Early experience with the Sugiura procedure demonstrated, following the procedures, the overall operative mortality was 32% and overall morbidity occurred in 33% of the patients. Significant causes of morbidity and mortality were related to complications of the esophageal transection as anastomotic leakage occurred in 8.6% of patients undergoing emergent surgery versus 4.8% in elective cases. All patients who developed an esophageal leak died.
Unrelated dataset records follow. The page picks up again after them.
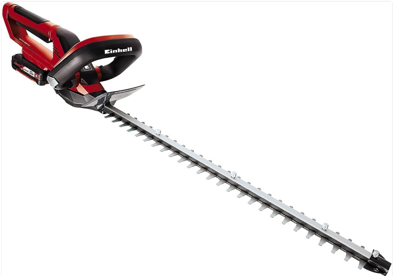
Figure 3.1: The Einhell GE-CH 1855/1 Li Cordless Hedge Trimmer, showcasing its ergonomic design and long cutting blade.

Familiarize yourself with the components of your Einhell Cordless Hedge Trimmer before operation.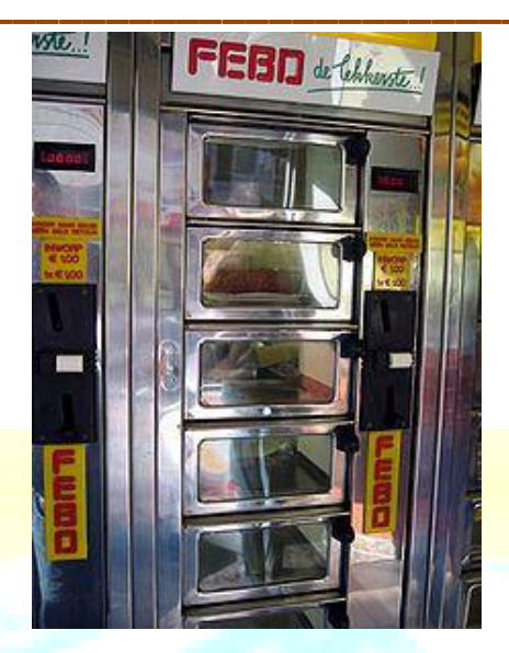
Figure 8.showing Avending machine in Netherlands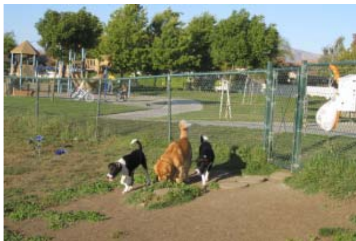
A poorly maintained section of Frank Klauer Park (creek overflow) is currently the only area dog owners in Hollister are allowed to let their dogs run off-leash.

This newsletter features three new organizations in our community, and a fourth organization that has managed to grow their services even in these economically difficult times. The Community Foundation hopes you will support these groups with your time and your donations.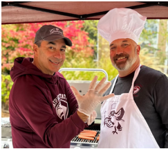
Alumni Association & the President's Office collaborated on a free hot dog lunch for students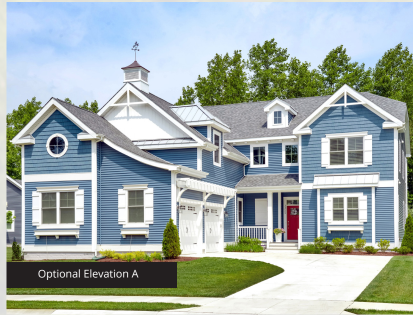
Optional Elevation A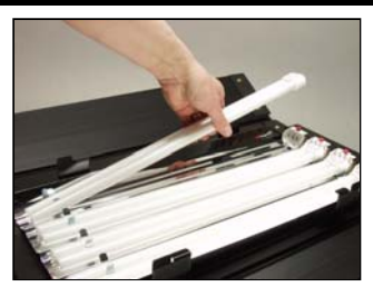
Pull lamp out of lamp clip.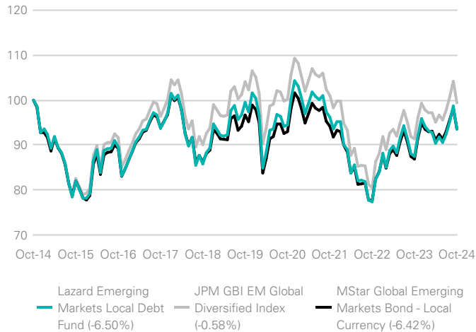
Source: Morningstar, Cumulative Growth, NAV to NAV Price, Net of fees, Net Income Reinvested to 31 October 2024 in USD.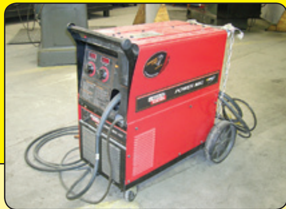
Lincoln Mig Welder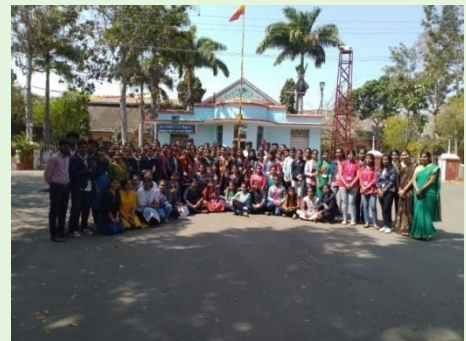
Sandal Wood Oil Factory

An Industrial visit was conducted to Karnataka Milk Federation, Mysuru and Regional Museum of National History, Mysuru on 19th January 2019.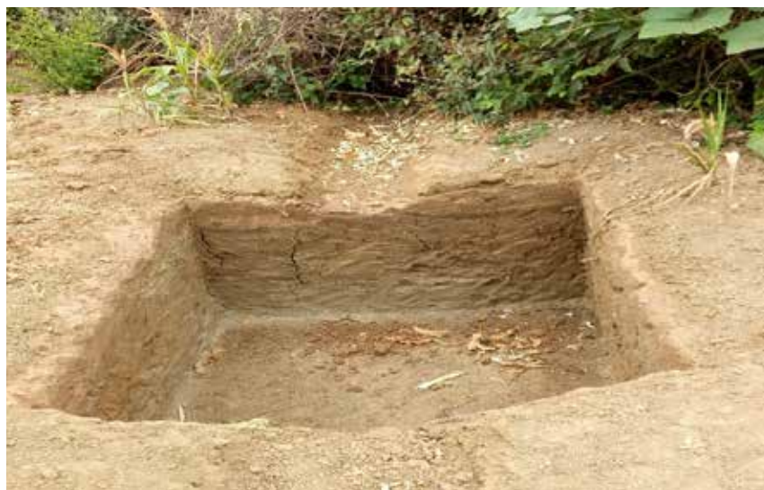
Figure 16: A retention ditch for storing water and excess sand

The deposition of excess sand in the farm was also another factor that led to the digging of the retention ditch, so that the sand is deposited there instead. The sand is then collected by use of a wheelbarrow and is used to the repair the house. The retention ditch reduces siltation because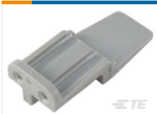
TE Part #WM-2SA WEDGE LOCK, 2P, PLG, GRY, DTM, A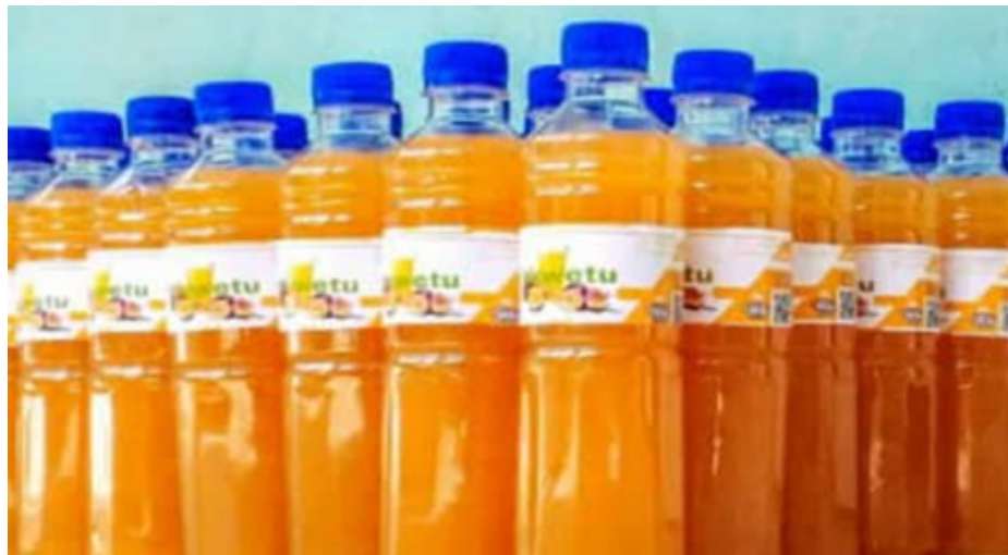
Maracuja juice produced by the STEP Club UEA team

While the pandemic forced a stay-at-home on many between March and August 2020, young beneficiaries of STEP showed leadership and became frontline workers in discharging roles ranging from tackling disinformation in their communities to implementing handwashing awareness campaigns.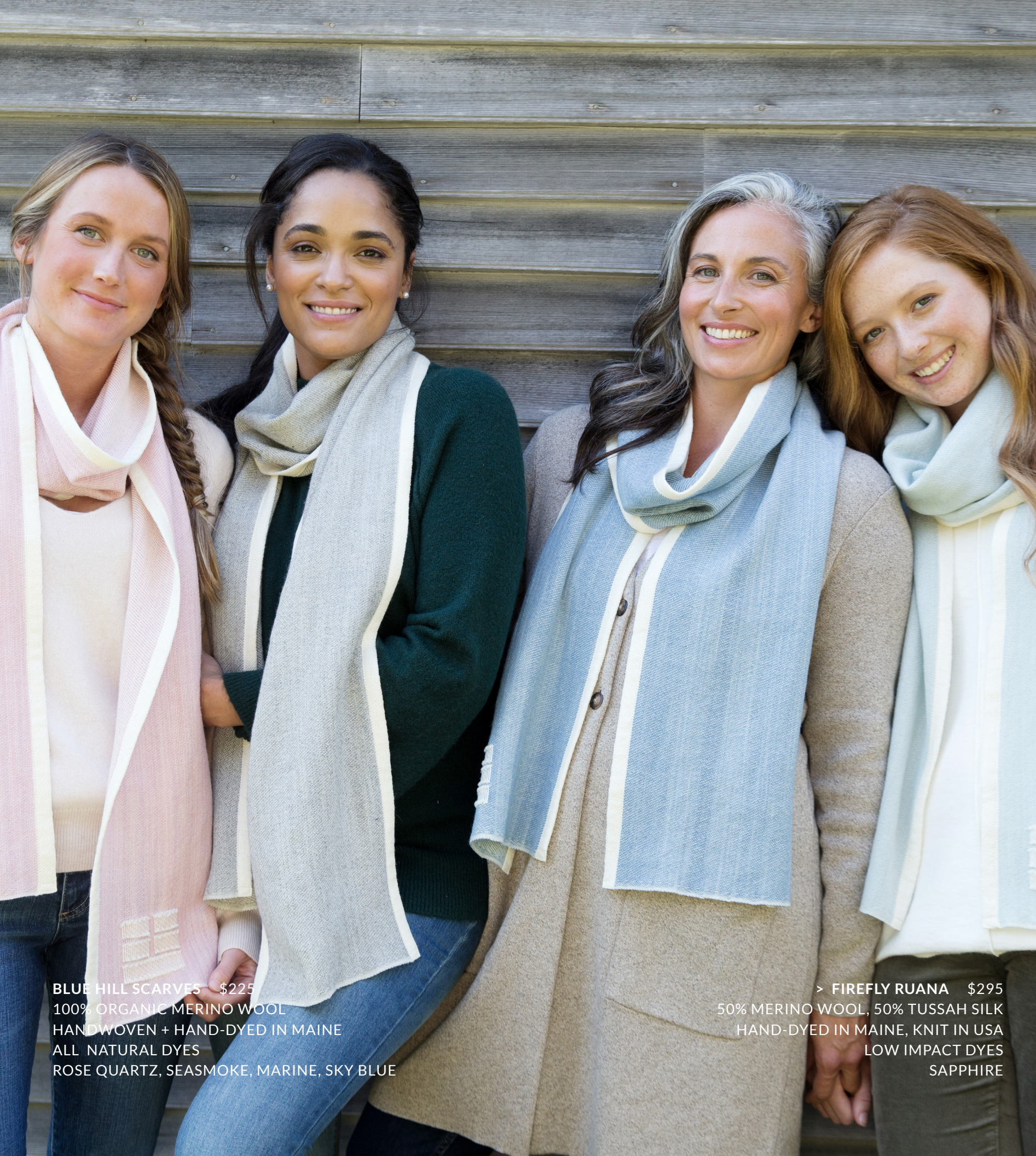
BLUE HILL SCARVES $225 100% ORGANIC MERINO WOOL HANDWOVEN + HAND-DYED IN MAINE ALL NATURAL DYES ROSE QUARTZ, SEASMOKE, MARINE, SKY BLUE

For this reason, modification of the original procedure was introduced to avoid the risk of perioperative mortality due to esophageal transection.

Retrospective analyses of patients who received the Sugiura procedure between 1967 and 1984 for either elective, emergency, or prophylactic setting demonstrate that operative mortality was greatest in the emergency setting (13.3%), followed by prophylactic (3.9%) and elective surgery (3.0%).

== Outcomes ==

Recent reports of selected patients undergoing Sugiura procedure reported that recurrence of gastroesophageal variceal bleeding occurs in only 2.3% of patients.